▶ [Given information]:
::::
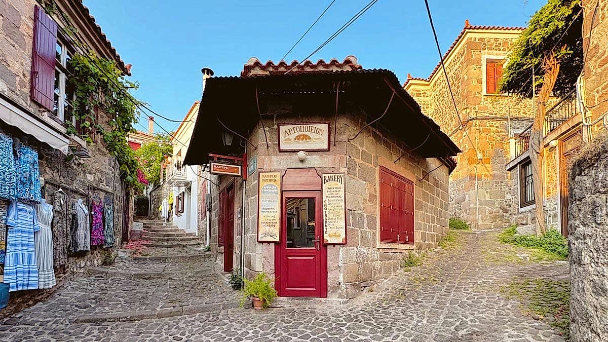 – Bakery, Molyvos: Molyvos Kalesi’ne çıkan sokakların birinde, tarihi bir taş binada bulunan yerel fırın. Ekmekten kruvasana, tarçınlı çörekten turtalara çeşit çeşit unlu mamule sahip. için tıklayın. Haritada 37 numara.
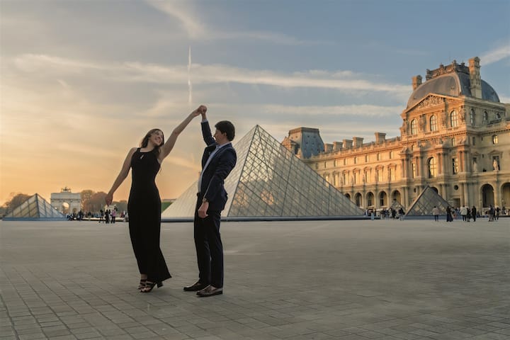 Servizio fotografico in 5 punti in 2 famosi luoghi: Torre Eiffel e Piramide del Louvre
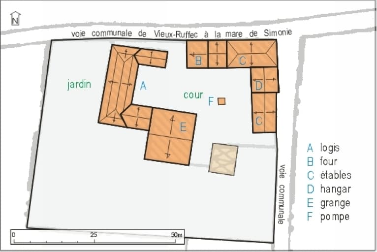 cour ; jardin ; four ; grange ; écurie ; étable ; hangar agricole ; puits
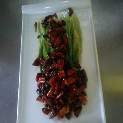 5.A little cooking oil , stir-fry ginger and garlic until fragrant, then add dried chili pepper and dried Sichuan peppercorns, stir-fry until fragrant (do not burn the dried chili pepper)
::::
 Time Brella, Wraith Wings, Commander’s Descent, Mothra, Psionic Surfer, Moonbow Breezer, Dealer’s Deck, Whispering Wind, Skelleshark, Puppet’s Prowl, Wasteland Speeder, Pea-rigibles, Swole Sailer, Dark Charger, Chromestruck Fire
::::
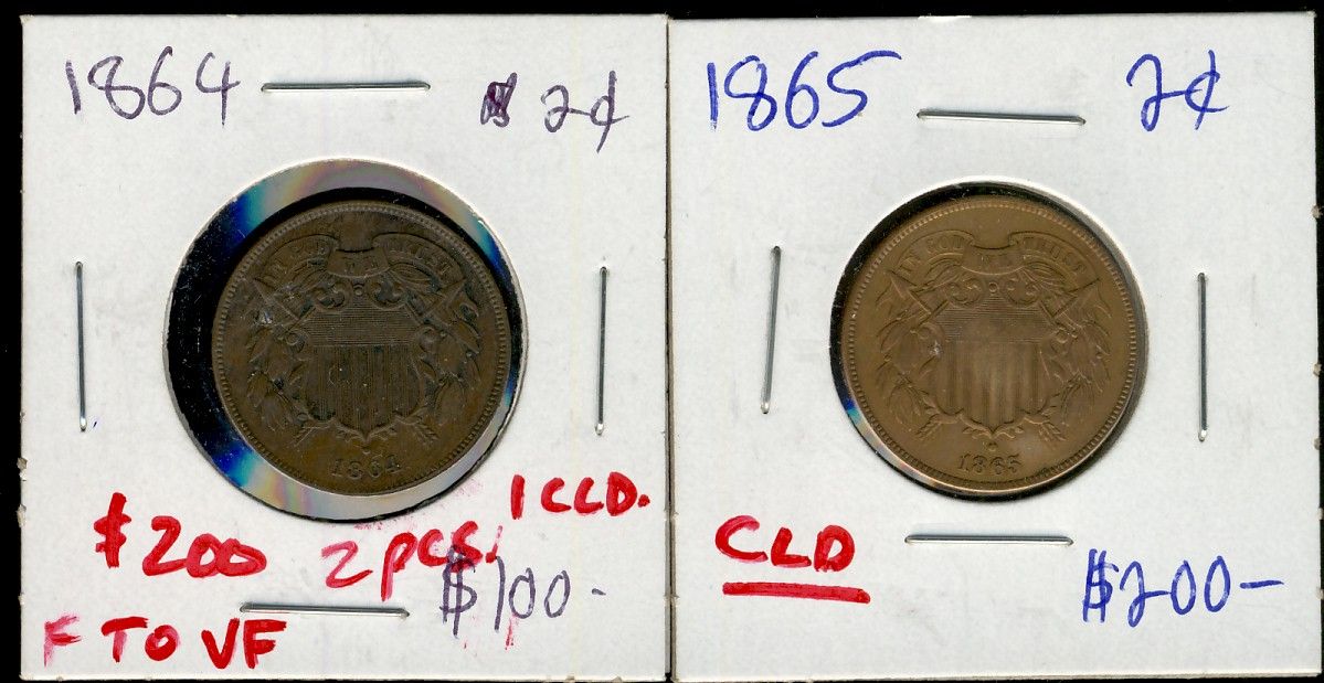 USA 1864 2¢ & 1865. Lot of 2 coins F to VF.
::::
▶ [Task description]:
Going by the data above, give back only the lines from the one containing "cour ; jardin" through the one containing "5.A little cooking", exactly as they stand, both ends included and no images.

▶ [Response area]:
 cour ; jardin ; four ; grange ; écurie ; étable ; hangar agricole ; puits
 5.A little cooking oil , stir-fry ginger and garlic until fragrant, then add dried chili pepper and dried Sichuan peppercorns, stir-fry until fragrant (do not burn the dried chili pepper)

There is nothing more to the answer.